There are two notable elements in the internationalports.workflow module:

  • DatasetConfig class which defines a BigQuery dataset you want to interact with
  • dataset: Dataset object which allows you to perform various operations on a defined dataset

Using a dataset object you can describe operations that you want to perform. Next, you arrange them into a workflow.

Take a look at the example operation, which creates a new table:

create_polish_ports_table = dataset.create_table('''
    CREATE TABLE IF NOT EXISTS polish_ports (
      port_name STRING,
      port_latitude FLOAT64,
      port_longitude FLOAT64)
''')

The create_polish_ports_table object is a lazy operation. Lazy means that calling dataset.create_table method, won't actually create a table. First turn it into a job first, then you can run it:

create_polish_ports_table.to_job(id='create_ports_table').run()

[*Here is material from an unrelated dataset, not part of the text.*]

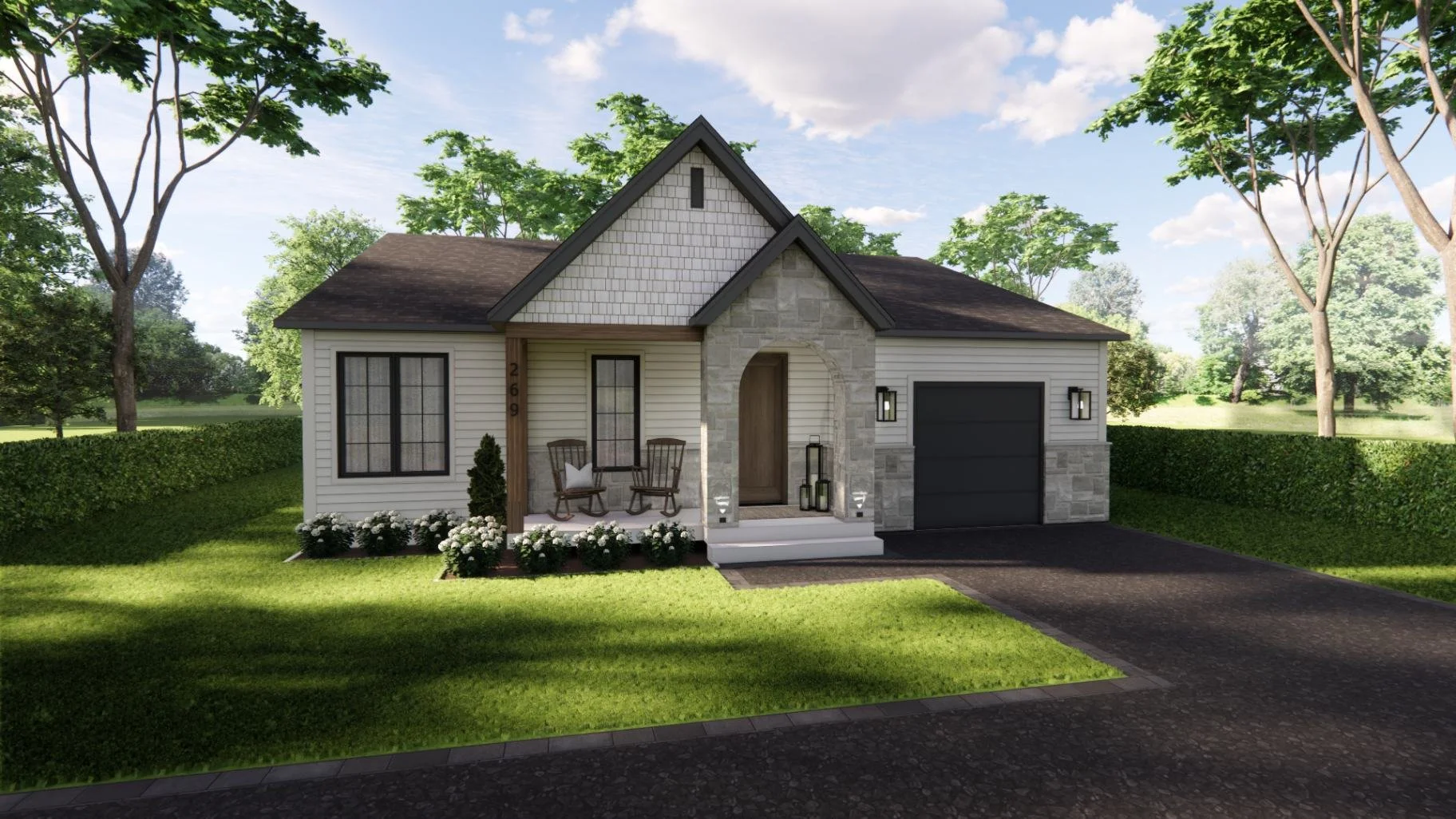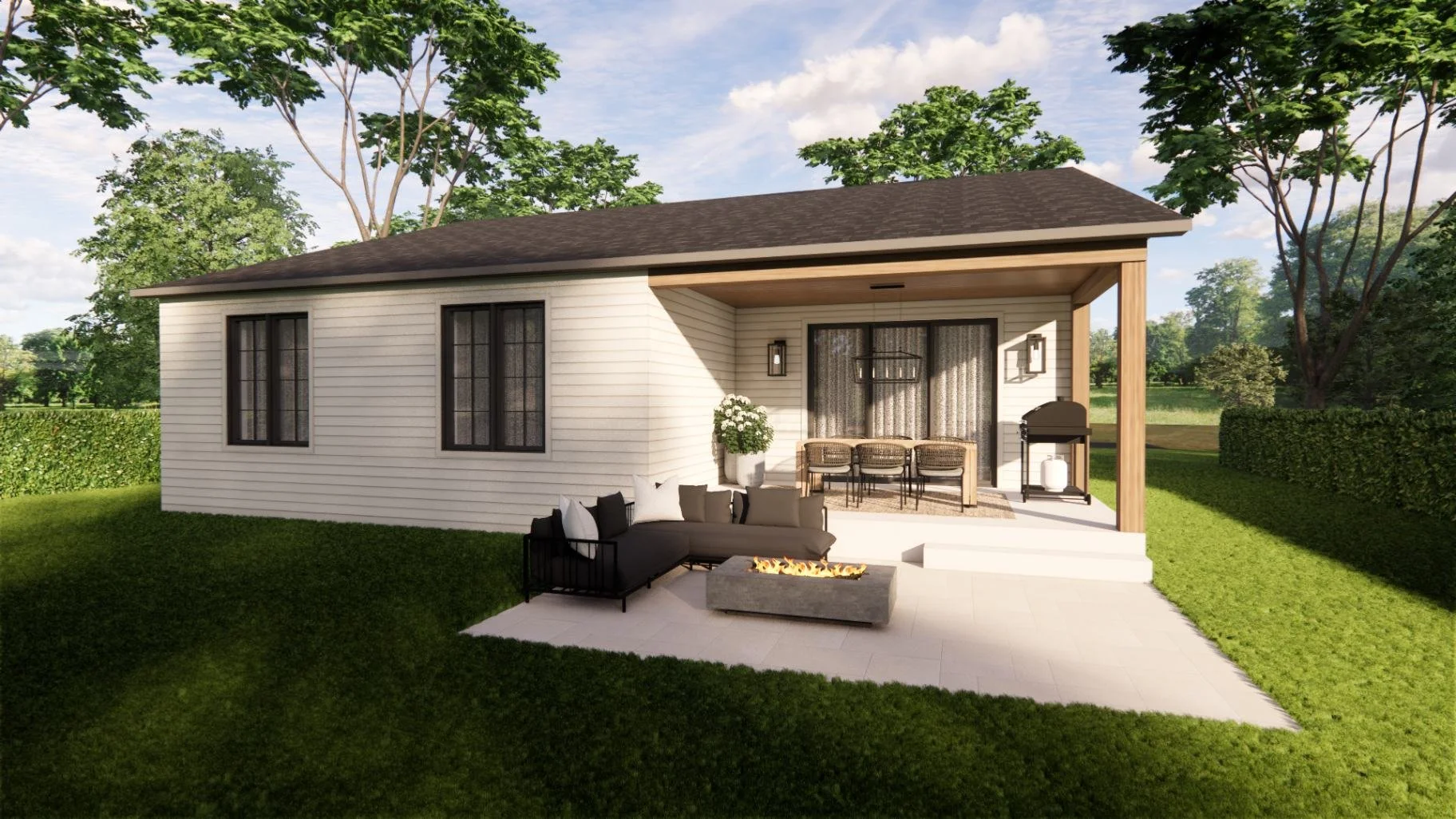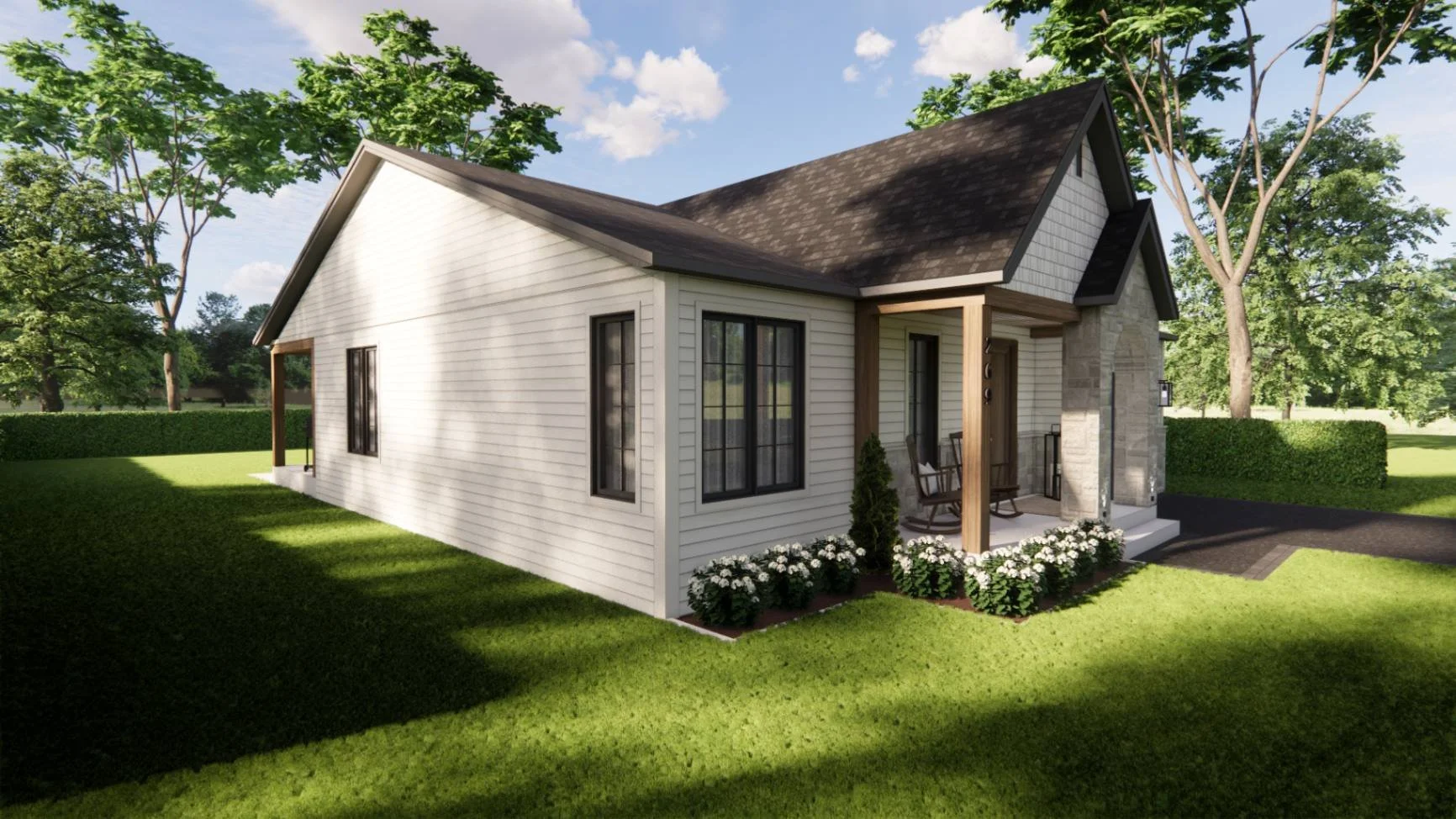 Avec son revêtement beige et son arche en pierre, la maison dégage une allure à la fois naturelle et accueillante. À l’avant, une petite terrasse aménagée de deux chaises invite aux cafés du matin. À l’arrière, une grande terrasse couverte permet de recevoir confortablement et de profiter pleinement des beaux jours.

Or put a job into a workflow (note that there is no run() invocation):

internationalports_workflow = Workflow(
        workflow_id='internationalports',
        definition=[
                create_polish_ports_table.to_job(id='create_polish_ports_table'),
        ],
        schedule_interval='@once')

And then, run it using CLI:

bf run --job internationalports.create_ports_table

Now, let us go through DatasetConfig and Dataset in detail.

Dataset Config

DatasetConfig is a convenient extension to Config designed for workflows which use a Dataset object to call BigQuery SQL.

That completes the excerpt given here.